> [Task prompt]: Pictures do not belong in the copy; restate the records below word for word.

****************************************

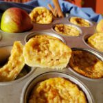 - Jedes Förmchen mit 2-3 EL der Apfelpudding-Füllung befüllen. Etwa ¾ des Förmchens sollten damit ausgefüllt sein.
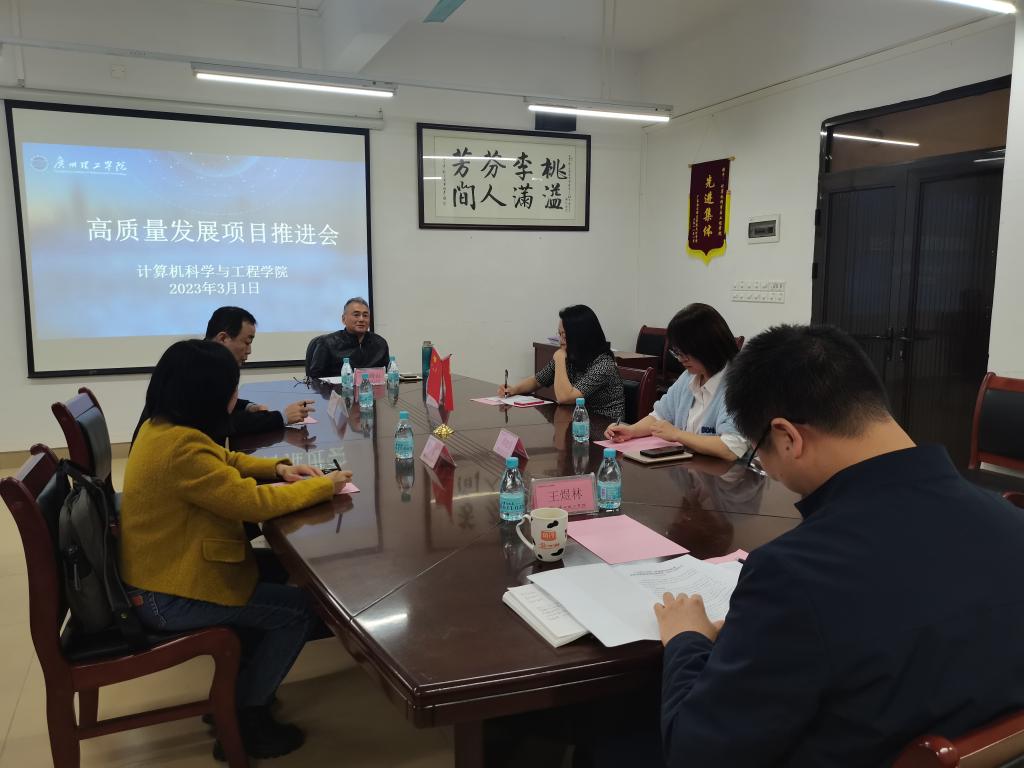 (通讯员:陈星莹)3月2日,为深入谋划2023年学院高质量发展的思路和举措,计算机学院邀请了暨南大学、广东财经大学的教授来校召开项目推进会。院长原峰山主持会议,科研副院长王煜林带领科研学院近期核心项目负责人参加了会议。
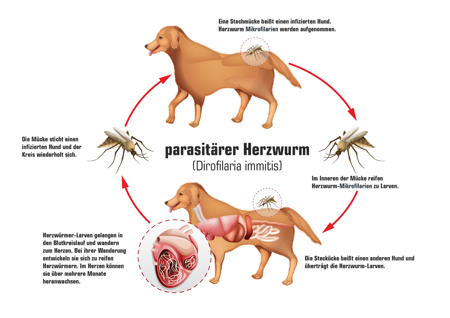Die Stechmücken können den Parasiten von Tier zu Tier, aber auch auf Menschen übertragen. Wobei der Mensch ein Fehlwirt ist. Die bis zu 30 cm langen Herzwürmer besiedeln innere Organe des Wirtes (z.B. Hund). Hier bilden Sie Mikrofilarien, welche in den Blutkreislauf gelangen. Stechmücken nehmen diese durch die Blutmahlzeit auf. In den Mücken entwickeln sich die Mikrofilarien zu Larven weiter. Diese werden dann beim Stich eines weiteren Tieres oder Menschen übertragen. Achtung! Die übliche heimische Wurmkur schützt nicht vor Herzwürmern.
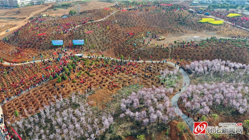 (义务植树活动现场航拍图。怀化日报全媒体记者 田敏 摄)
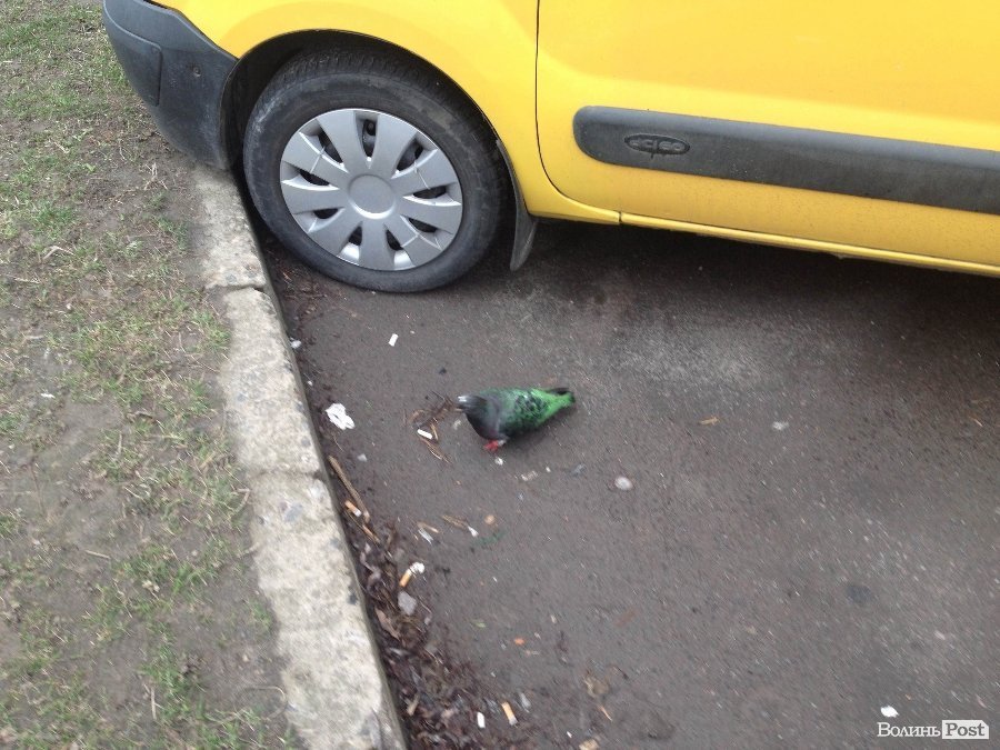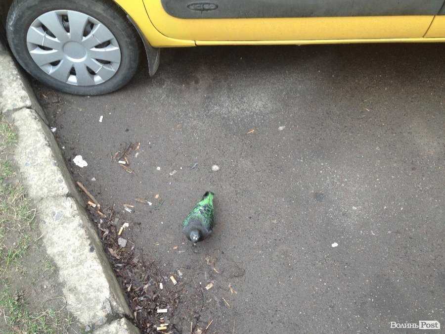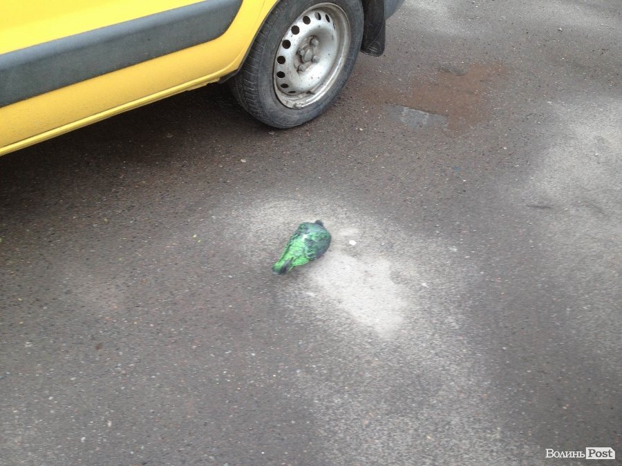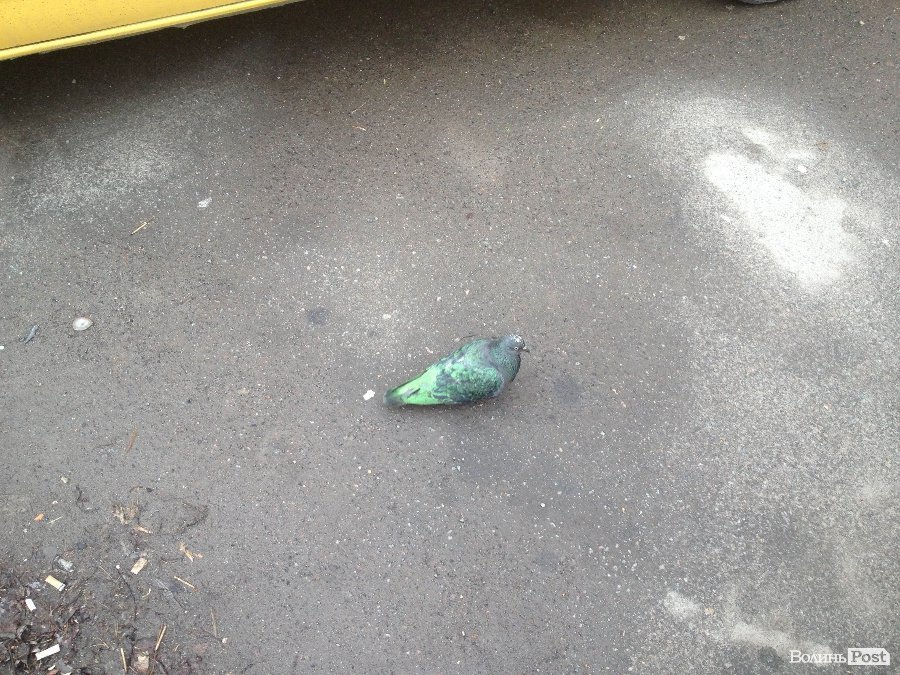 Птаха - зеленого кольору. Голуб на вигляд - здоровий, ходив на вулиці Кравчука у пошуках їжі.

****************************************

> [Solution to this exercise]:
 - Jedes Förmchen mit 2-3 EL der Apfelpudding-Füllung befüllen. Etwa ¾ des Förmchens sollten damit ausgefüllt sein.
 (通讯员:陈星莹)3月2日,为深入谋划2023年学院高质量发展的思路和举措,计算机学院邀请了暨南大学、广东财经大学的教授来校召开项目推进会。院长原峰山主持会议,科研副院长王煜林带领科研学院近期核心项目负责人参加了会议。
Die Stechmücken können den Parasiten von Tier zu Tier, aber auch auf Menschen übertragen. Wobei der Mensch ein Fehlwirt ist. Die bis zu 30 cm langen Herzwürmer besiedeln innere Organe des Wirtes (z.B. Hund). Hier bilden Sie Mikrofilarien, welche in den Blutkreislauf gelangen. Stechmücken nehmen diese durch die Blutmahlzeit auf. In den Mücken entwickeln sich die Mikrofilarien zu Larven weiter. Diese werden dann beim Stich eines weiteren Tieres oder Menschen übertragen. Achtung! Die übliche heimische Wurmkur schützt nicht vor Herzwürmern.
 (义务植树活动现场航拍图。怀化日报全媒体记者 田敏 摄)
 Птаха - зеленого кольору. Голуб на вигляд - здоровий, ходив на вулиці Кравчука у пошуках їжі.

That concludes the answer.